THE DATA section start

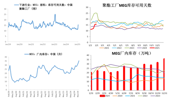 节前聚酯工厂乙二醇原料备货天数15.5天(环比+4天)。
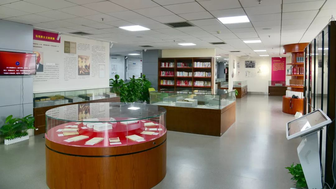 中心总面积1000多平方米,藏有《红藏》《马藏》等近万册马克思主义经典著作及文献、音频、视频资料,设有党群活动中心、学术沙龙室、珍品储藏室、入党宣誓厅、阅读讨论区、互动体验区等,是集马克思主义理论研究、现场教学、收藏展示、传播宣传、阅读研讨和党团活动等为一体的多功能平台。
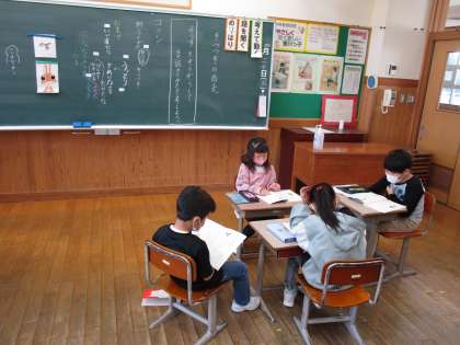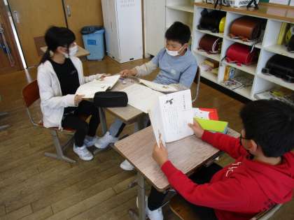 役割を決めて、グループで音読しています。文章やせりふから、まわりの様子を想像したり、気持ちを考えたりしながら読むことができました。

THE DATA section end

-- BRIEF --
What is needed is the listing above, repeated verbatim, without its images.

-- ANSWER FOR THE TASK --
 节前聚酯工厂乙二醇原料备货天数15.5天(环比+4天)。
 中心总面积1000多平方米,藏有《红藏》《马藏》等近万册马克思主义经典著作及文献、音频、视频资料,设有党群活动中心、学术沙龙室、珍品储藏室、入党宣誓厅、阅读讨论区、互动体验区等,是集马克思主义理论研究、现场教学、收藏展示、传播宣传、阅读研讨和党团活动等为一体的多功能平台。
 役割を決めて、グループで音読しています。文章やせりふから、まわりの様子を想像したり、気持ちを考えたりしながら読むことができました。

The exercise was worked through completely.